A novelist named Charles Saint-Denis (played with uncanny assurance by François Berléand) is famous and successful, married to a woman he calls a “saint,” and apparently satisfied to live in relative seclusion at his country home. On a tour in Lyons to promote his new book, he encounters a beautiful young woman, a local TV weather girl named Gabrielle, played by Ludivine Sagnier. She also catches the eye of Paul Gaudens (Benoît Magimel), the spoiled, reckless son of a rich family, who happens to bear a mysterious grudge against Saint-Denis.

Gabrielle ends up falling for the much older man, and her intense passion, emotional and sexual, runs up against his urbane sophistication. St. Denis is difficult to read—he seems smitten by the young woman, but on the other hand he’s unwilling to leave his wife. Gabrielle’s desire knows no caution, and her genuine feelings allow her to be debauched by the writer at a sort of exclusive private men’s club/brothel. Waiting in the wings is Paul, who wants to save her from the decadent clutches of the author, while seeming more than a bit like a crazed stalker himself.

Gabrielle is something of an anomaly in a modern setting—a lover in the old style, surrendering herself totally to passion. Although she seems unusually self-confident, she is also naïve in the ways of the upper-class world, and Sagnier embodies this central character with marvelous poise and conviction. Swirling around her are a host of witty, intelligent, and unhappy people, and much of the film’s pleasure derives from the ease and sense of command with which Chabrol depicts this social world of moneyed families and literati.

Paul’s self-righteous snob of a mother, played with wicked élan by Caroline Silhol, is a pointed contrast to Gabrielle’s careless sincerity. The eminent writer Charles, looking down on the world from his intellectual tower, is another kind of object lesson.

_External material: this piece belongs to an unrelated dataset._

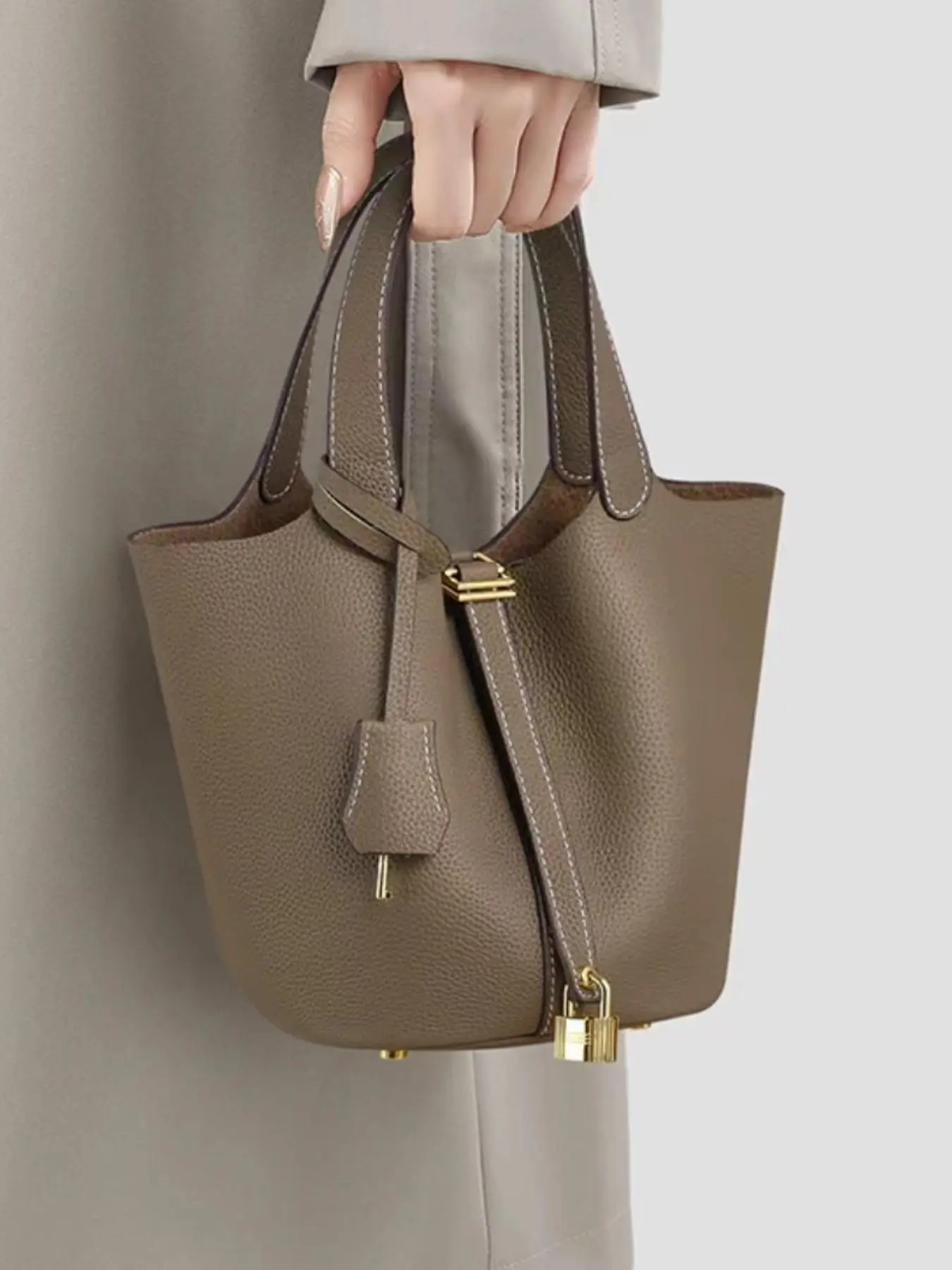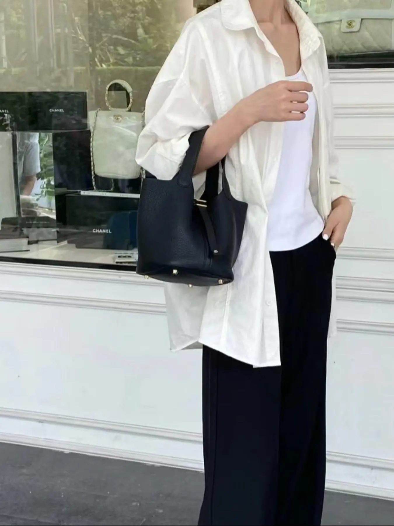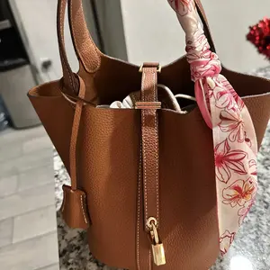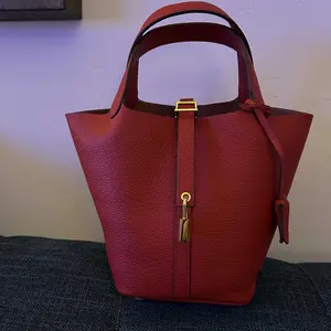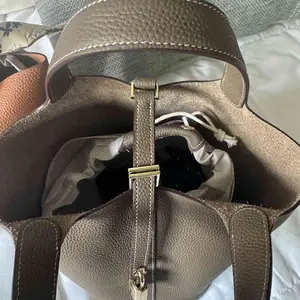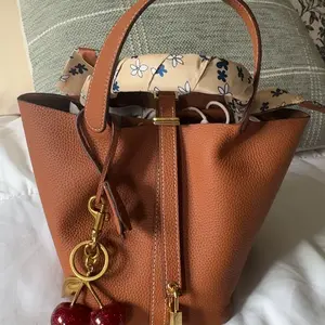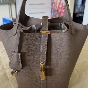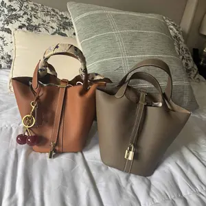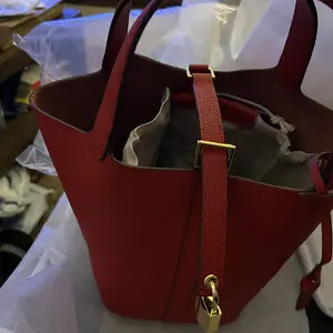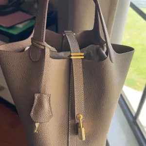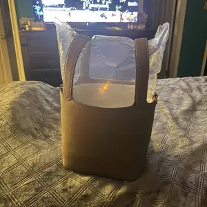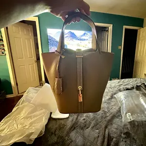 Love this bag so much! I cant say enough good things about it! It looks identical to a H Picotin bag. Identical! If ykyk! Shipped to me in 2 days! The leather smell when opening is beyond devine. This is my second bag I have the gold on gold one the brown one. Loved it so much I grabbed one in black. I plan to get a white and dream powder color as well bc they are fantastic bags with luxury style. 1000/10! I strongly and highly recommend!

The audience will instinctively take the point of view of Gabrielle, which is why the reality of the situation may dawn just as slowly on us as on her. What’s interesting is how Chabrol gets us to that point—with a good deal of satiric bite, but even more with a kind of emotional suspense, an inner tension between comforting illusion and heart-shattering truth.

The story (Chabrol wrote the script with his stepdaughter and long-time collaborator Cécile Maistre) is inspired by the 1906 Stanford White scandal, yet the film is perhaps uniquely French in its concerns—a study of the relationship between erotic love and the social order that seeks to confine it. A Girl Cut in Two is the kind of intelligent, vigorous work that only a master like Chabrol could have made.